Two reasons why you should have your house underpinned if subsidence is discovered

1 November 2017
 Categories: Construction & Contractors, Blog


Underpinning is a process by which a property's existing foundation is strengthened through the installation of structural components which provide additional support.

If your home has a subsidence problem (that is, the soil beneath its foundation has begun to cave and in doing so, has led to the foundation itself sinking further into the ground) then you may need to have a construction contractor perform a house underpinning. This is a complex and time-consuming process; however, it is absolutely worth the time and effort. Read on to find out why. 

It will help to prevent further structural damage

When subsidence causes a house's foundation to sink into the ground, structural problems can begin to occur throughout the entire property. You may notice cracks on both the exterior and interior walls as well as changes to the shapes of the door and window frames. In some instances, the warping of the aforementioned frames may be so severe that the doors and windows become stuck and cannot be opened or closed.

In addition to having a negative impact on the appearance of your home, subsidence can also compromise its structural integrity and potentially (in extreme cases) make the building unsafe to live in.

As such, if you want to continue to live in your home for the foreseeable future, it is essential to have the foundation underpinned so that further structural damage can be prevented.

To maintain the property's value

It's worth noting that when a property which has subsidence issues is put up for sale, its owner is usually expected to make this information known to prospective buyers.

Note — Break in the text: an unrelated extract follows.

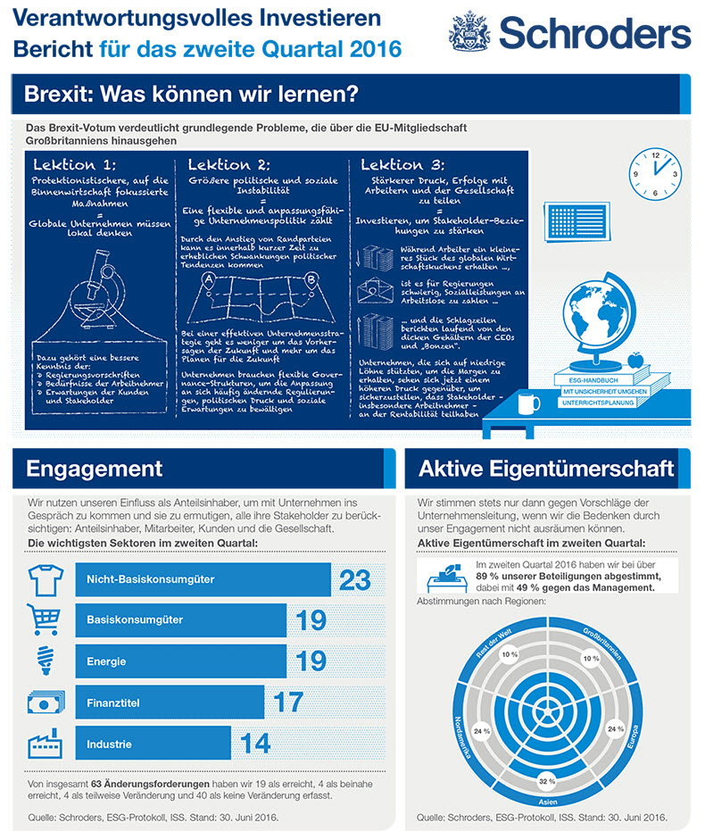 Im Responsible Investment Report für das zweite Quartal 2016 und der dazugehörigen Infografik stellen sich Schroders-Experten die Frage, was wir aus dem Brexit für verantwortliches Investieren lernen können.

Unfortunately, unresolved subsidence problems are likely to put a lot of people off buying a house, as most people do not want to incur the expense of having these problems repaired. Even individuals who are willing to buy a house that has a subsidence issue would probably only want to do so if they could buy it for far less than its market value. 

In short, if you fail to address your home's subsidence issue and you eventually decide to put the property up for sale, you could find yourself struggling to secure a buyer or having to accept an offer which is much lower than you had anticipated.

As such, it is best to view the costs associated with house underpinning as an investment, which will enable you to maintain your home's value and sell it for a reasonable price, should you ever decide to put it on the market.